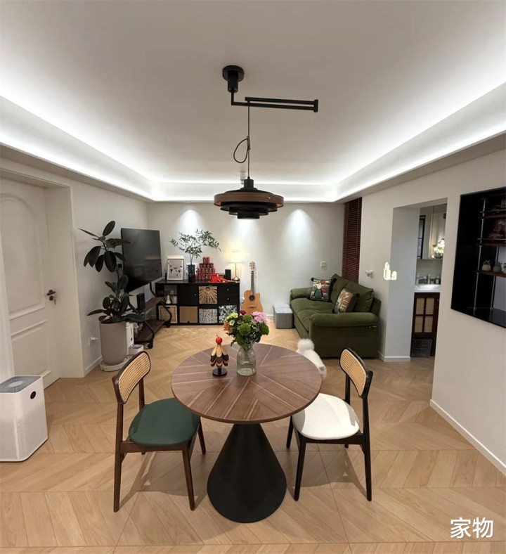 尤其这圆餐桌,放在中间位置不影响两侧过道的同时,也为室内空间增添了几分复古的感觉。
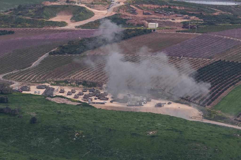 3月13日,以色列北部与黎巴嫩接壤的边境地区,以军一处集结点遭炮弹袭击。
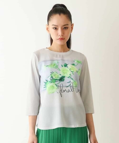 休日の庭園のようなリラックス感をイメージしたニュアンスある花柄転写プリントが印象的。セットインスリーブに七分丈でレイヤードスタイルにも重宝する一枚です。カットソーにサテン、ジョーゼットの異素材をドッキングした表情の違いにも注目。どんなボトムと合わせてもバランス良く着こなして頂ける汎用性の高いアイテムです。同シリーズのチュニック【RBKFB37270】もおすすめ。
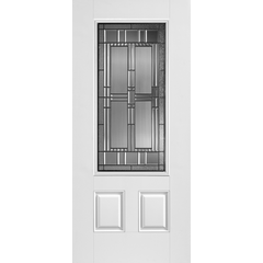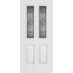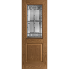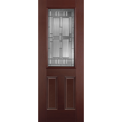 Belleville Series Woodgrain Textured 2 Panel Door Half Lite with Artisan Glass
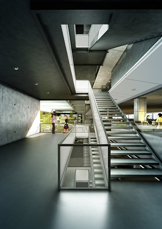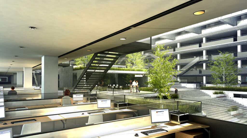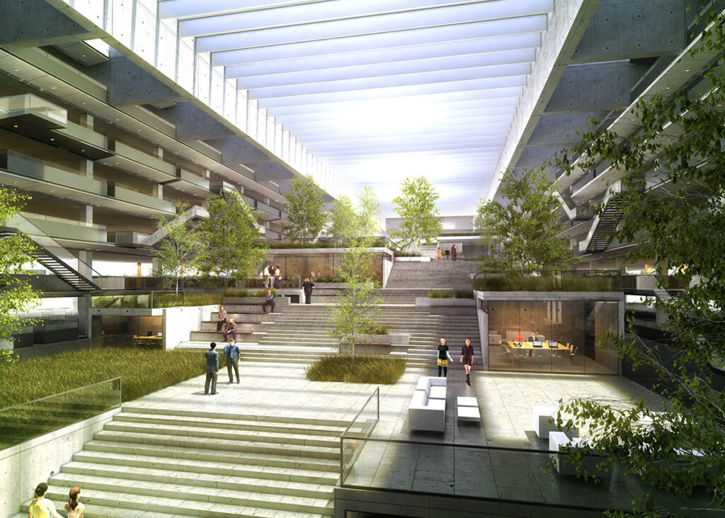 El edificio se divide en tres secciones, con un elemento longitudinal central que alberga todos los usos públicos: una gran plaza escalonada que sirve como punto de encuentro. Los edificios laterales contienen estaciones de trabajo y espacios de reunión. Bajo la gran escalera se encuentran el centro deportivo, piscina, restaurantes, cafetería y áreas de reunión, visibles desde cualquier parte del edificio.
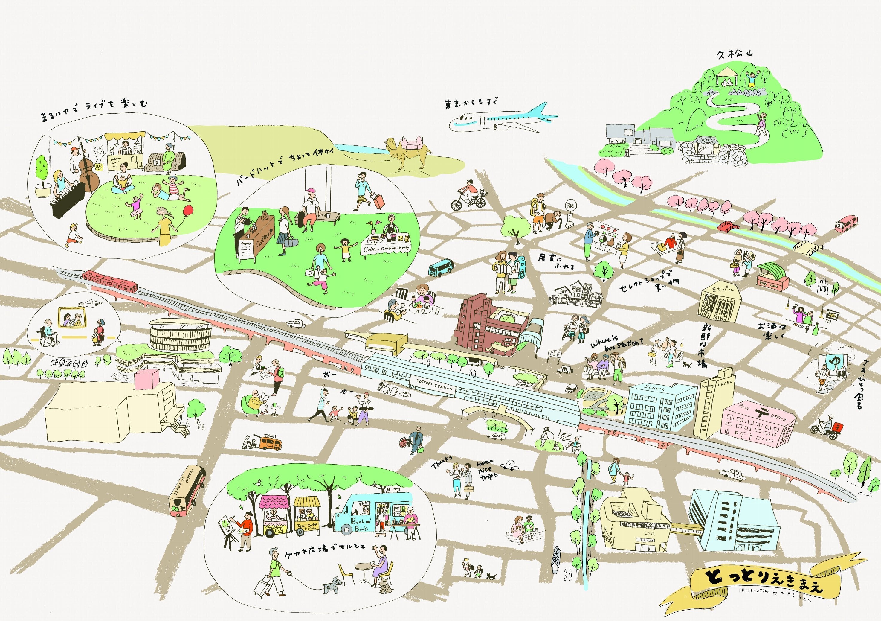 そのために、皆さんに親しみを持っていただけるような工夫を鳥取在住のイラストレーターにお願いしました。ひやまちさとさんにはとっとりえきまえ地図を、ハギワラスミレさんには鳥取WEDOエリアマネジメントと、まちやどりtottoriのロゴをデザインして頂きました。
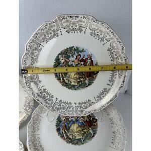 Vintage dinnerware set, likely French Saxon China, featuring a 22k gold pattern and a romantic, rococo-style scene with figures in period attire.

━━━━━━━━

> [Problem]:
The response is the full listing, copied exactly, with the pictures omitted.

> [Result for this task]:
 尤其这圆餐桌,放在中间位置不影响两侧过道的同时,也为室内空间增添了几分复古的感觉。
 3月13日,以色列北部与黎巴嫩接壤的边境地区,以军一处集结点遭炮弹袭击。
 休日の庭園のようなリラックス感をイメージしたニュアンスある花柄転写プリントが印象的。セットインスリーブに七分丈でレイヤードスタイルにも重宝する一枚です。カットソーにサテン、ジョーゼットの異素材をドッキングした表情の違いにも注目。どんなボトムと合わせてもバランス良く着こなして頂ける汎用性の高いアイテムです。同シリーズのチュニック【RBKFB37270】もおすすめ。
 Belleville Series Woodgrain Textured 2 Panel Door Half Lite with Artisan Glass
 El edificio se divide en tres secciones, con un elemento longitudinal central que alberga todos los usos públicos: una gran plaza escalonada que sirve como punto de encuentro. Los edificios laterales contienen estaciones de trabajo y espacios de reunión. Bajo la gran escalera se encuentran el centro deportivo, piscina, restaurantes, cafetería y áreas de reunión, visibles desde cualquier parte del edificio.
 そのために、皆さんに親しみを持っていただけるような工夫を鳥取在住のイラストレーターにお願いしました。ひやまちさとさんにはとっとりえきまえ地図を、ハギワラスミレさんには鳥取WEDOエリアマネジメントと、まちやどりtottoriのロゴをデザインして頂きました。
 Vintage dinnerware set, likely French Saxon China, featuring a 22k gold pattern and a romantic, rococo-style scene with figures in period attire.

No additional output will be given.